## Work required
In the entries below, find the line with "En staty i vit" and the line with "HOMEDEMO Store Enrouleur"; copy them and every line between them exactly, but not the pictures.

## Input records
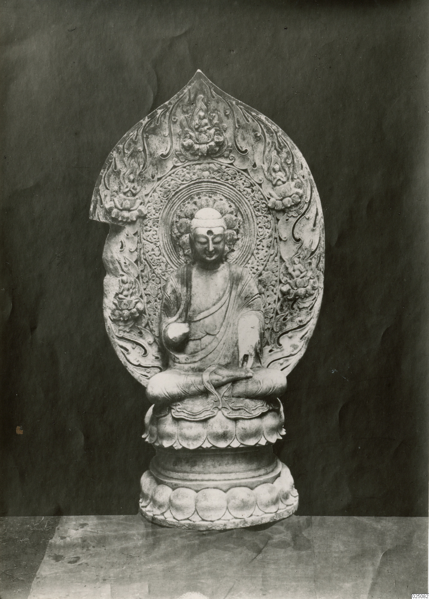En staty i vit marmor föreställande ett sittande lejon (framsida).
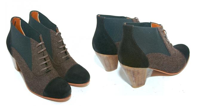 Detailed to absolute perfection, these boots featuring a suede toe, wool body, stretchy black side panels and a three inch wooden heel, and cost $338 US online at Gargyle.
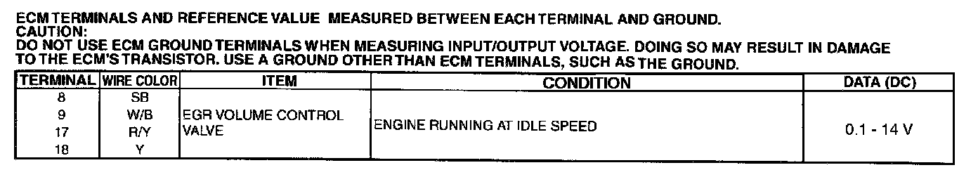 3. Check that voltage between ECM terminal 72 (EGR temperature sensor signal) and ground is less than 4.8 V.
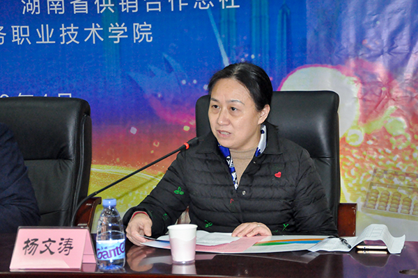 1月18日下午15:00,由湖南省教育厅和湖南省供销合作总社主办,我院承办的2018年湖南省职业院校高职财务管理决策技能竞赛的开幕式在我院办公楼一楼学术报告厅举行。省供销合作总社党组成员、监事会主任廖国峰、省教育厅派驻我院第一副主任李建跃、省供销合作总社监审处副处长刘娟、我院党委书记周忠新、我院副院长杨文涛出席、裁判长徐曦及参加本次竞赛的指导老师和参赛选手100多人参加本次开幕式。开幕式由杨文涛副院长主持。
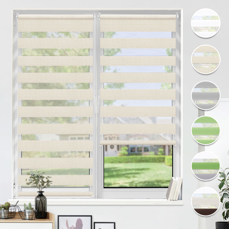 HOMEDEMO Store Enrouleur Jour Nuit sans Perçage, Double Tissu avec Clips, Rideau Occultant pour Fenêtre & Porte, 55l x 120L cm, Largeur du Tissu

--

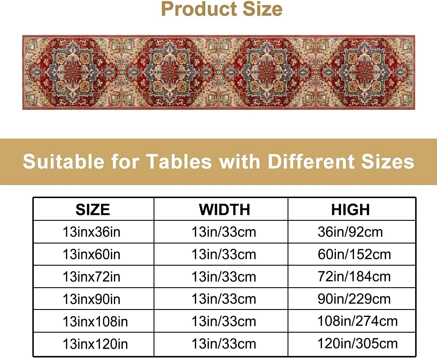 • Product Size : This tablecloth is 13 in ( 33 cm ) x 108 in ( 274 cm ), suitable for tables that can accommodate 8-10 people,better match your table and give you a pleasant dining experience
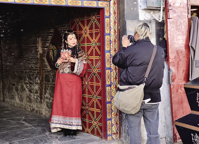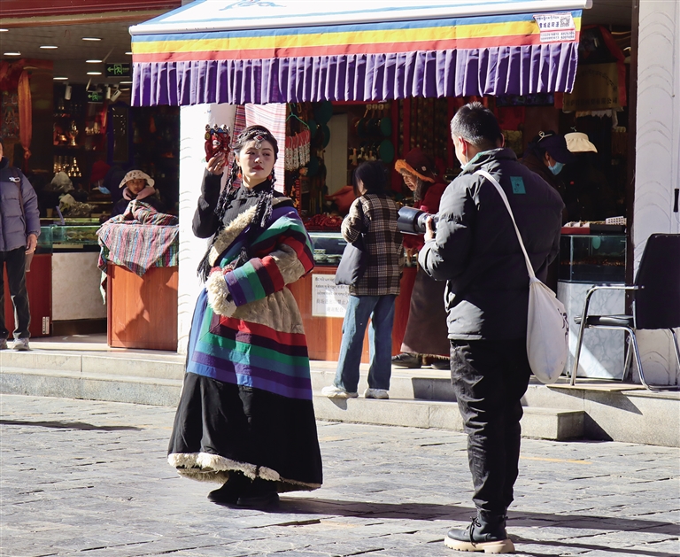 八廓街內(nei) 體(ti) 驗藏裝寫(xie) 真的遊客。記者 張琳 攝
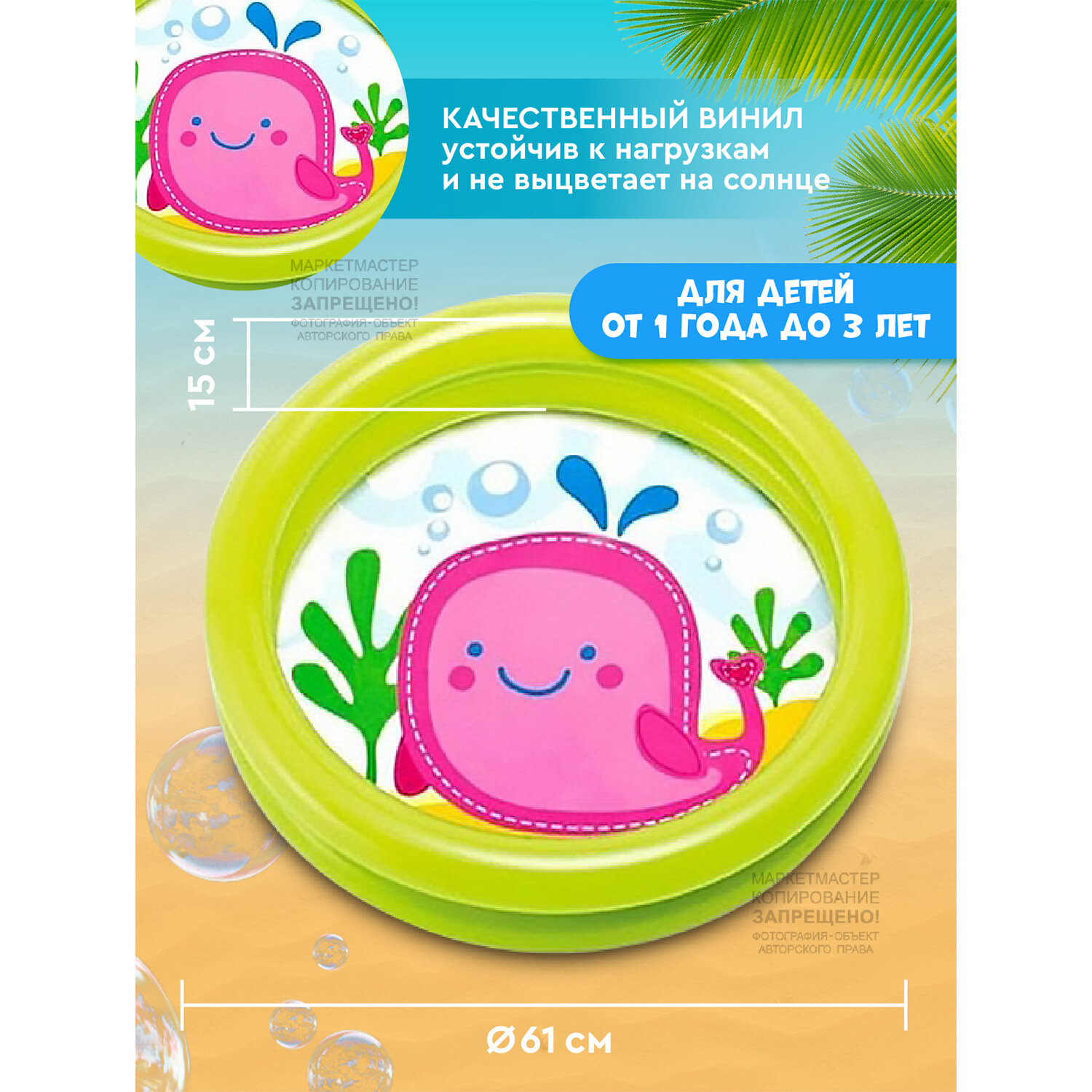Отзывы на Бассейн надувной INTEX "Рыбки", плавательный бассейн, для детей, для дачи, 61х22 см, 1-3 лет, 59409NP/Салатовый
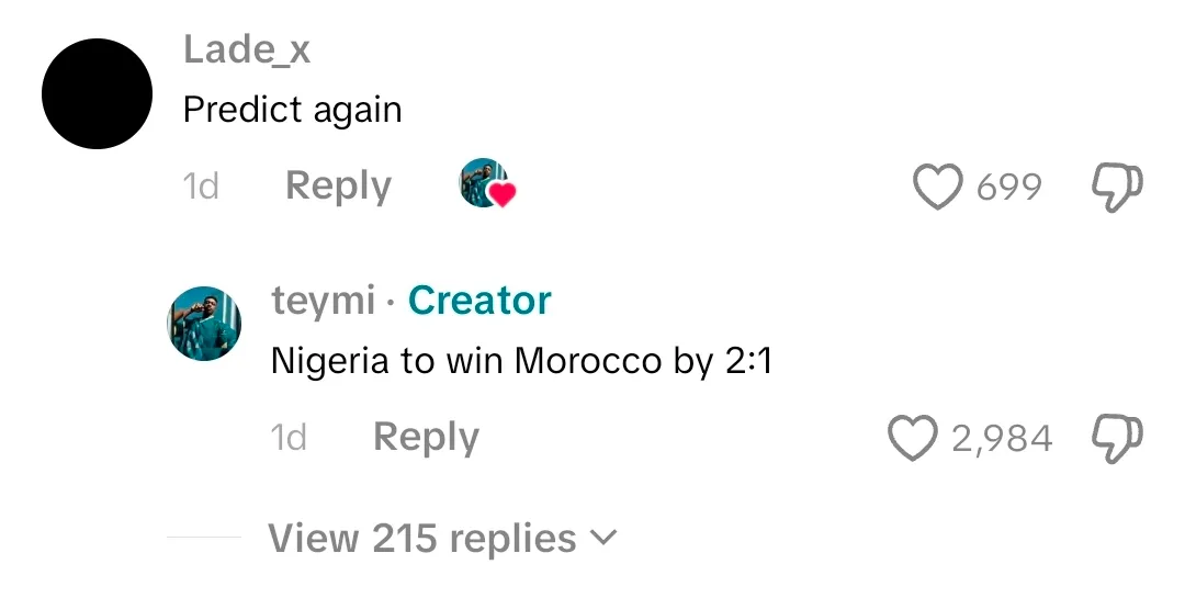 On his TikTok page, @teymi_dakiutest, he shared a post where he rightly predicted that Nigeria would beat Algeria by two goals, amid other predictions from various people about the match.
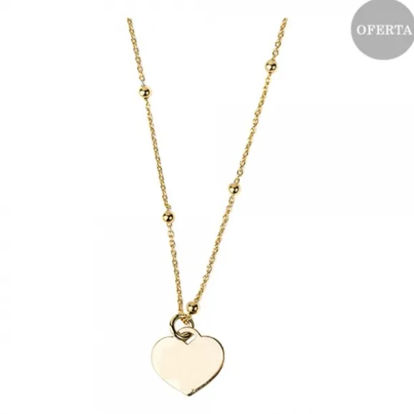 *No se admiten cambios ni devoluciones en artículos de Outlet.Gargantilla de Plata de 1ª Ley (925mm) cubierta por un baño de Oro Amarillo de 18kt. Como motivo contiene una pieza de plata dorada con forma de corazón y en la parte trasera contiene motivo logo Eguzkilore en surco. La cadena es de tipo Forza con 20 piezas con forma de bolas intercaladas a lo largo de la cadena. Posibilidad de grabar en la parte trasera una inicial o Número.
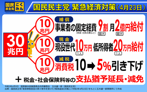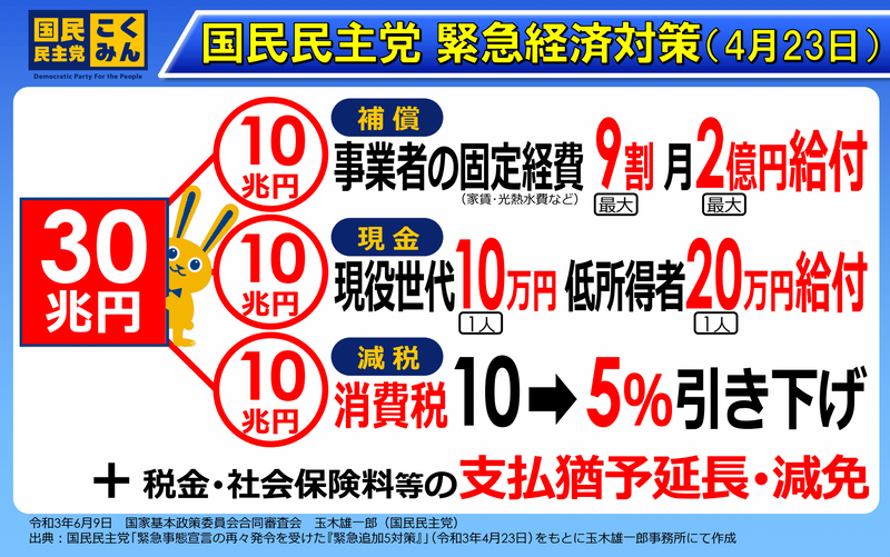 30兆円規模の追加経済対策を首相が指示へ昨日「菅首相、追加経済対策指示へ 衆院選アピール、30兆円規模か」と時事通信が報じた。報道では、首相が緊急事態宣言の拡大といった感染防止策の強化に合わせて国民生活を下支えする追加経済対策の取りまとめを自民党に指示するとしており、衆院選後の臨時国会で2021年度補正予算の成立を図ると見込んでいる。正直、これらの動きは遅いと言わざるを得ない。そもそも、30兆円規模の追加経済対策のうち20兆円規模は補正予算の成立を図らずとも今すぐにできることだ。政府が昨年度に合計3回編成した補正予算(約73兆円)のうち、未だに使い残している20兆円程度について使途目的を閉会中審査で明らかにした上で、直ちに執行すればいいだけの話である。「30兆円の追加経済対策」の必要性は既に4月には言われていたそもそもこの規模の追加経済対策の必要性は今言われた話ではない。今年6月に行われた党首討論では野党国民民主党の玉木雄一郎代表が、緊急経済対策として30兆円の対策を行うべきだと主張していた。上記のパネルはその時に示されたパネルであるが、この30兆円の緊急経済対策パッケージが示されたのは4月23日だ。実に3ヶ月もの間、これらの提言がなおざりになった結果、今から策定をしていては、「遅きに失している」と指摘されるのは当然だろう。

## Answer
En staty i vit marmor föreställande ett sittande lejon (framsida).
 Detailed to absolute perfection, these boots featuring a suede toe, wool body, stretchy black side panels and a three inch wooden heel, and cost $338 US online at Gargyle.
 3. Check that voltage between ECM terminal 72 (EGR temperature sensor signal) and ground is less than 4.8 V.
 1月18日下午15:00,由湖南省教育厅和湖南省供销合作总社主办,我院承办的2018年湖南省职业院校高职财务管理决策技能竞赛的开幕式在我院办公楼一楼学术报告厅举行。省供销合作总社党组成员、监事会主任廖国峰、省教育厅派驻我院第一副主任李建跃、省供销合作总社监审处副处长刘娟、我院党委书记周忠新、我院副院长杨文涛出席、裁判长徐曦及参加本次竞赛的指导老师和参赛选手100多人参加本次开幕式。开幕式由杨文涛副院长主持。
 HOMEDEMO Store Enrouleur Jour Nuit sans Perçage, Double Tissu avec Clips, Rideau Occultant pour Fenêtre & Porte, 55l x 120L cm, Largeur du Tissu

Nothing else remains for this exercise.